* _DATA_:
....

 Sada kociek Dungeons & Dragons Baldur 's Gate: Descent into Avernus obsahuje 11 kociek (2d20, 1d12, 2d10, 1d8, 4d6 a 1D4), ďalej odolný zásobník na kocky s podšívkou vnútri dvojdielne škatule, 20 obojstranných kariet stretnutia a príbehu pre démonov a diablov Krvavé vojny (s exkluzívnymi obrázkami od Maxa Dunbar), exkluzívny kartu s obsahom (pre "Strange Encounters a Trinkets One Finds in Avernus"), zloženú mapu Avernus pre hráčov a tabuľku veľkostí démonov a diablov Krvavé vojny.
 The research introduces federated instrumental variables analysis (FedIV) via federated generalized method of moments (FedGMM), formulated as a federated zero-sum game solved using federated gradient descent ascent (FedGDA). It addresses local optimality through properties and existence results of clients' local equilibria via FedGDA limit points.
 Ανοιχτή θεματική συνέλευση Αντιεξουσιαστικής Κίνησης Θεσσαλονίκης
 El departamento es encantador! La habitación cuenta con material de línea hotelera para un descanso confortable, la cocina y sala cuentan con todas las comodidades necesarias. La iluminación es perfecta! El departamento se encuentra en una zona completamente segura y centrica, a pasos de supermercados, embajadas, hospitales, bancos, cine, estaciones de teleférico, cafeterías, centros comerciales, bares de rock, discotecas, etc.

....

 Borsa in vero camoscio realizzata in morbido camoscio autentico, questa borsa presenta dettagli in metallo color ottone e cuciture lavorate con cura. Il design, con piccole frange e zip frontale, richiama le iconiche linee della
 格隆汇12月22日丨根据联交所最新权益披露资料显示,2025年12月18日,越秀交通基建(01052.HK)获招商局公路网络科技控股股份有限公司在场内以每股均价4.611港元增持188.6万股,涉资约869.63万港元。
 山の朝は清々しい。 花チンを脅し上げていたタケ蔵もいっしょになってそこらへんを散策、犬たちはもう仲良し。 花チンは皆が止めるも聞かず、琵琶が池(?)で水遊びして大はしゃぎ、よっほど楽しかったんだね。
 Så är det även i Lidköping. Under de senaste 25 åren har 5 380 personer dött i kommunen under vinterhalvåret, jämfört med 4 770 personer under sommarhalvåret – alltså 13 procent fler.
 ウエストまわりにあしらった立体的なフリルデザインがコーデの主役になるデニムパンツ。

....

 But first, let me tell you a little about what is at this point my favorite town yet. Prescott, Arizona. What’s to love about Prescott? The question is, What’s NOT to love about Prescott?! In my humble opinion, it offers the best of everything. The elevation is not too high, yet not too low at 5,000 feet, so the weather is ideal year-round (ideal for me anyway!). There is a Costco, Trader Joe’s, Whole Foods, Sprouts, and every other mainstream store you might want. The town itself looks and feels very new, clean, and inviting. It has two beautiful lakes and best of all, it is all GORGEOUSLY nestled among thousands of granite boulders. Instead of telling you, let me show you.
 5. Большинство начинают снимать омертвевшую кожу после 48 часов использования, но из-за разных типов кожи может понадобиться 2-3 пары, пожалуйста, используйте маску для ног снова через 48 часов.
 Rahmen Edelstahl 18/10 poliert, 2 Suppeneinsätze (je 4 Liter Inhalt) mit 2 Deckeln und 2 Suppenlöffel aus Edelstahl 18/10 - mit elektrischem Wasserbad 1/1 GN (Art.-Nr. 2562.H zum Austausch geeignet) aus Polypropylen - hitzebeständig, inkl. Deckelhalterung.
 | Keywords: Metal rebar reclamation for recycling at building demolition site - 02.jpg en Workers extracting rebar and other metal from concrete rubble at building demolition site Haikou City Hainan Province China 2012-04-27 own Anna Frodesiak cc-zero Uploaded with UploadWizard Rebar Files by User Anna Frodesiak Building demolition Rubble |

....

* _WHAT IS EXPECTED_: Where the string "zero" appears in a line of the listing, copy that line.

* _EXERCISE RESPONSE_:
 The research introduces federated instrumental variables analysis (FedIV) via federated generalized method of moments (FedGMM), formulated as a federated zero-sum game solved using federated gradient descent ascent (FedGDA). It addresses local optimality through properties and existence results of clients' local equilibria via FedGDA limit points.
 | Keywords: Metal rebar reclamation for recycling at building demolition site - 02.jpg en Workers extracting rebar and other metal from concrete rubble at building demolition site Haikou City Hainan Province China 2012-04-27 own Anna Frodesiak cc-zero Uploaded with UploadWizard Rebar Files by User Anna Frodesiak Building demolition Rubble |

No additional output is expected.